I got him when he was 6 weeks old (i didn't choose to but he was being given away at that age, and i decided to adopt him). The only time he gets to sleep for hours is if he's either on my lap or sleeping by me while physically touching me. When i need to get up and do my own thing, i wanna make sure i do not wake him up so i slowly move my leg (or whatever body part he's touching) away from him, thinking, "ok, my leg is out of his reach and he's sill sleeping so i can slowly get out of the room" but as soon as i get up (i make no noise!), he wakes up and starts following me. Do all puppies do that? Are all puppies alert like this? Everyone says he is a boxer mix so is him being so alert due to his boxer traits? 

Most of the time, he won't even eat his food unless i am in the room or where he can see me. He cries like crazy if i leave him in the room for a few minutes. I know this is separation anxiety and such but is getting up in the middle of his sleep and not eating his food unless he sees me around normal part of separation anxiety or beyond and more than separation anxiety? I am the only one who is with him all the time, play with him, feed him and sleep in the same room. He doesn't have a crate yet because i am broke, still saving money for his shots since i was not even thinking about getting a dog and adopted him on an impulse.

However, at nights, once i am in my bed, in the same room with him and turn the lights off, he goes to his little bed and sleep just fine but if i wake up to use the bathroom (and he hears), he wakes up to follow me.

***

Thank you very much in advance!


----------



## emily445455 (Apr 8, 2008)

My Belle used to not eat unless I was in the room with her, this went away.
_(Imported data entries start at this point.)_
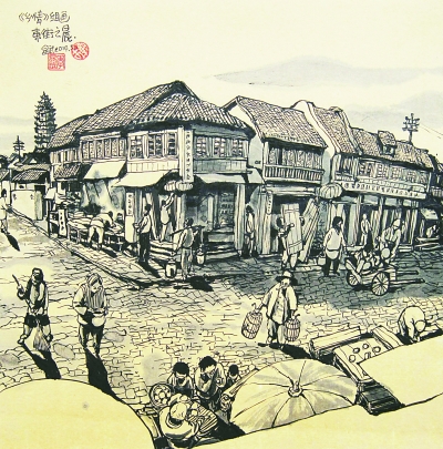 古朴的街道、川流的人群、婆娑树影、几抹斜云……在略微泛黄的纸张上,一道道犀利的线条描绘出老昆明的城区、郊野,定格每一个昆明人似写实又有些夸张的形象,让观者凭生亲切、温情之感。这组作品就是云南漫画家李昆武创作的《乡情》组画。
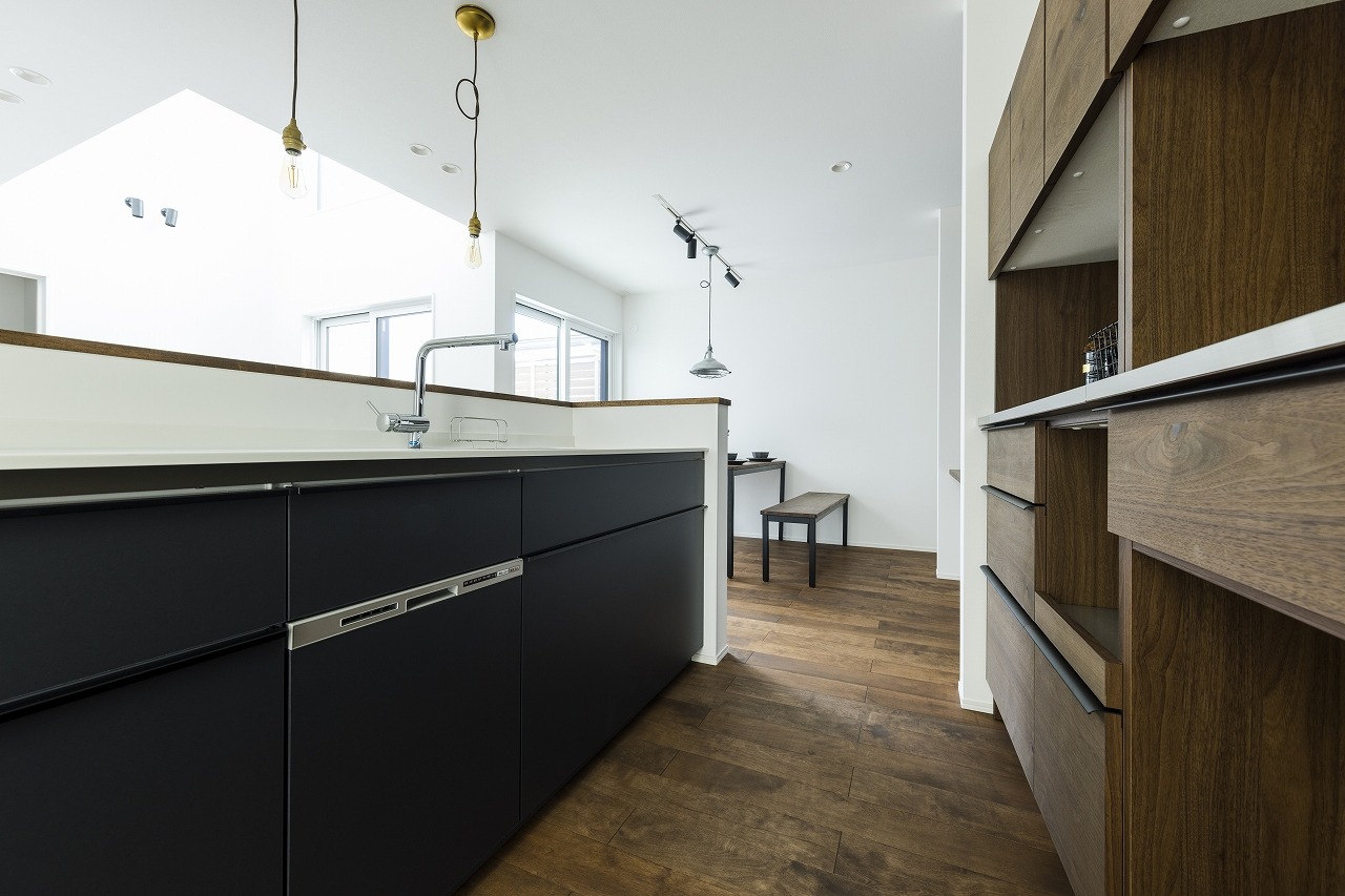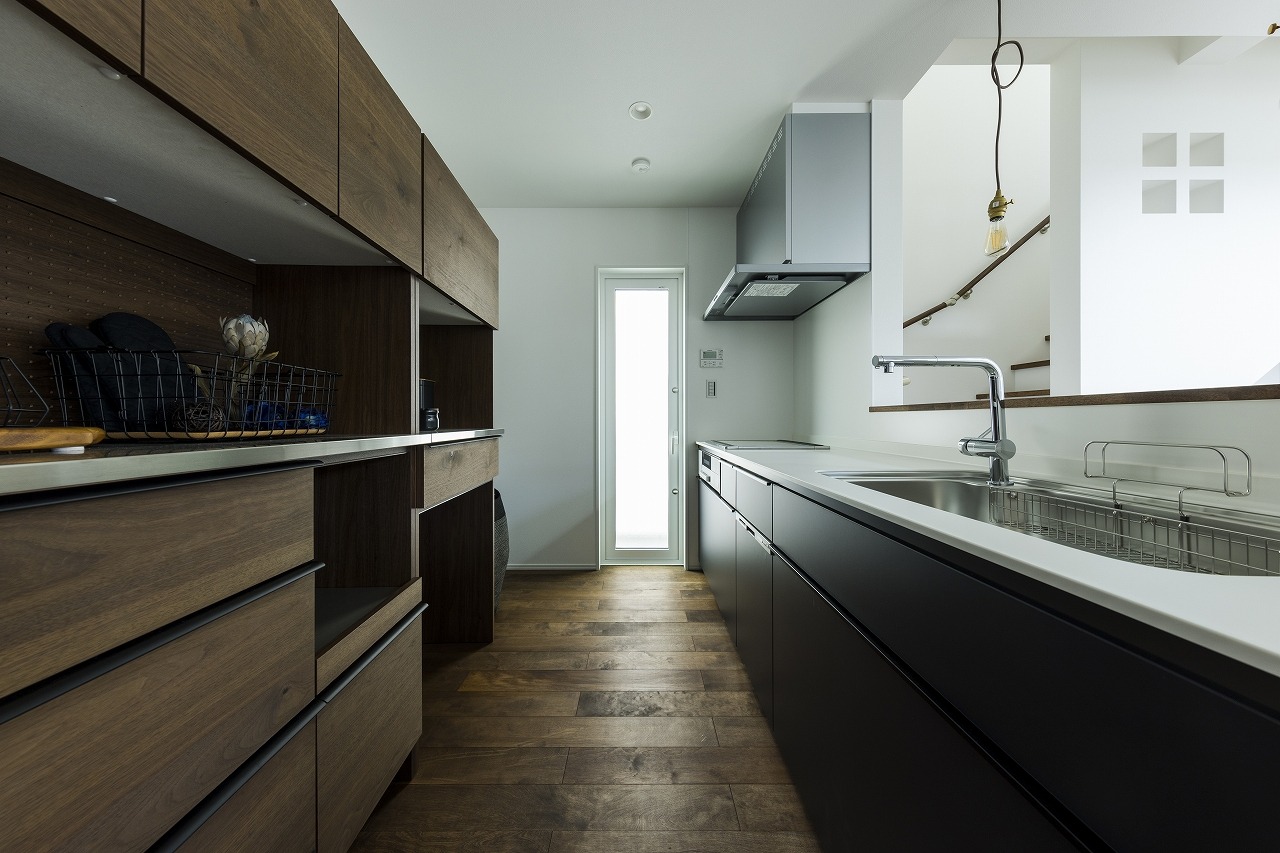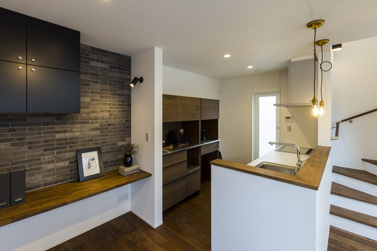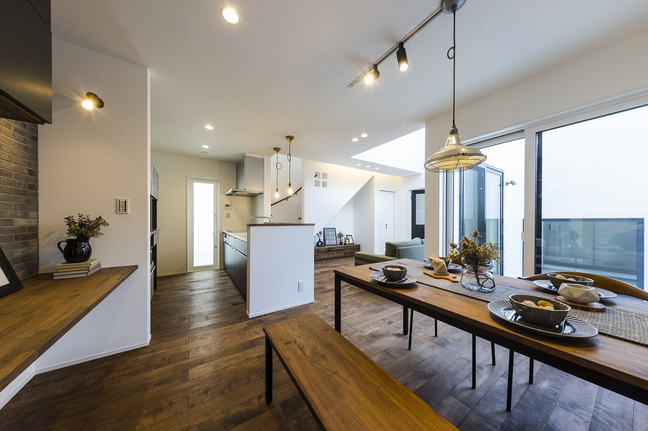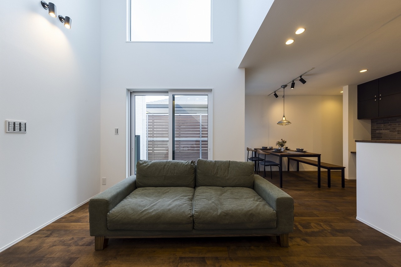 LDKは開放的な吹抜けがあり、4つの窓がアクセントとなったオシャレな空間。キッチンから見える中庭は道路からの目線がシャットアウトされているので、外を見ながら楽しく料理できます。キッチンから洗面、廊下から洗面と家事動線にもこだわっています。洗面には収納を確保し、タオルや下着などを収納可能。また2階寝室にはテレワークスペースとしても使える書斎があります。
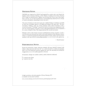 The two-movement, Vapors, was composed in 2008-09, inspired by the composer’s visit to artist Constance DeJong’s studio. Leisner was moved by her large two-paneled Nitrate Painting XVI (see here), and he has written: “You can feel enveloped by it and meditatively immersed in its cloudy or watery atmosphere, depending on how you see it. The more I looked at it, the more it gave me a similar feeling to watching a snowfall in which the snowflakes appear to be falling and rising at the same time. The first movement, Falling, came out of this sensation. Later, when I decided to add a second movement, Floating, I turned the work on its side in my imagination, and now saw a broad expanse of clouds or ocean, with spatial depth that was accompanied by a sense of depth of time. This image spawned the second movement.”
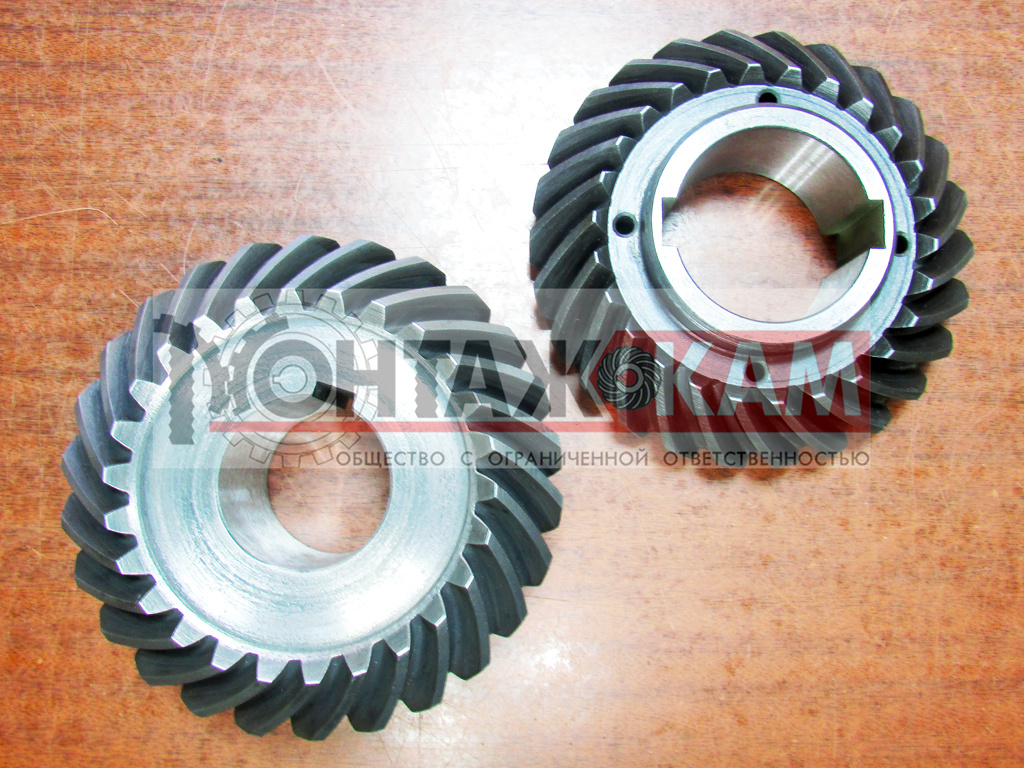 Специалисты ООО «Монтаж-КАМ» изготовят на заказ конические шестерни поворотной головки фрезерного станка 6Р12, 6М12: Z=26 (отверстие диаметр 62; 2 шпон.паза по 16 мм) и Z=26 (отверстие диаметр 50 мм, шпон.паз 12 мм) с круговым зубом.

They still normally get up to follow me, sleeping or not


----------



## RaeganW (Jul 14, 2009)

My full grown dog does this. There's really nothing wrong with it, but there is a possibility it could develop to SA. Or it may be something he grows out of. This is a baby puppy you've had for two weeks, a lot of the things he does now he'll grow out of. Crate training, done carefully, can help. Basically, he needs to learn to be okay on his own and that you'll come back even if you leave his sight.


----------



## poopy (Feb 25, 2010)

yes, normal


----------



## Bones (Sep 11, 2009)

Yep Bones does this to- and he has figured out he can sleep in front of the door or in the doorway so I can't leave without him noticing. My parents Shi Tzu follows my father to every room in their house. So its pretty normal


----------



## FaithFurMom09 (Oct 24, 2009)

did i miss the pics of your cutie? 

Its normal for pups to do this.


----------



## Shell (Oct 19, 2009)

My adult dog follows me most of the time and has amazing hearing for me putting my shoes on  He eats fine without me and has no SA at all (has free roam of the house all day too)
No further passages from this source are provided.